If you notice that you’re all of a sudden appalled by everything your partner does or vice versa, then you know you’re in an unhappy relationship and you should definitely do something about it.
13. Lack of respect
As you probably already know, respect is the foundation of every happy relationship. Respecting your partner means respecting their choices, personality and thoughts and all the differences between you.
Respect also means compromising and being willing to understand situations.
When a relationship lacks respect, it lacks the foundation needed for establishing a healthy relationship.
Lack of respect means undervaluing each other, criticizing each other, not giving a damn about how the other person feels and so on.
It’s when you no longer try to make each other feel special and instead, you only focus on yourself and your own needs and wishes.
14. You no longer show affection
Affection in a relationship is like water to every flower.
For a relationship to flourish, both partners need to keep making an effort when it comes to surprising each other, making each other feel special, complimenting them and showing affection in many other ways.
A simple hug every day means a lot for both your partner’s well-being and your relationship.
If you can’t remember the last time you and your partner expressed affection toward each other (be it verbally or physically) then you know you’re stuck in an unhappy relationship.
15. You’re daydreaming about being single again
And last but not least, when you’ve been stuck in an unhappy relationship for some time, you start daydreaming about being single again but for some reason, you can’t find the courage to do something about it.
And that’s why you enter the world of daydreaming about being single again.
When you’re contemplating and imagining that you’re solo again, that you’re dating someone else or finding someone through online dating, you feel liberated and you feel happy even for a moment because you know that you’re no longer happy in the current relationship and you’re subconsciously looking for a way out of it.
If you just realized that you’re in an unhappy relationship…
If all of the above signs or the majority of them are indicating that you’re in an unhappy relationship, there are two things you can do about it: You can move on or fight for it if you believe that there’s still hope.
But remember that the fight and the effort must be mutual.

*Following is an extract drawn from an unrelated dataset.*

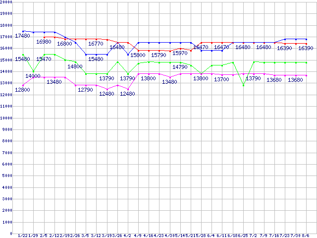 | Socket AM3 (HyperTransport 3.0,Quad Core)の最安値推移 |
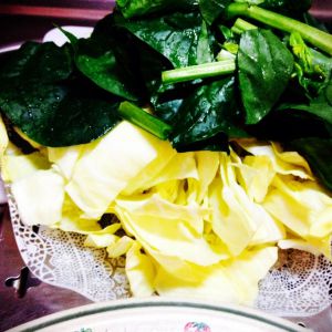 接着放入泡好的面翻炒几下,然后放入盐,味精,豆瓣酱继续翻炒至菜和面混合均匀

If you still love your partner and you feel like you belong together, it’s a valid reason to fight for what you have or, better said, for what’s left of your relationship.
But if you want to fight for your relationship just because you’re afraid of being alone, you need to know that this isn’t a good reason to stay, not for you or your partner.
The wisest thing to do is to first take some time to think about the whole situation before making any irrational decisions, to talk to your partner about it and arm yourself with patience, whatever you decide to do. Good luck!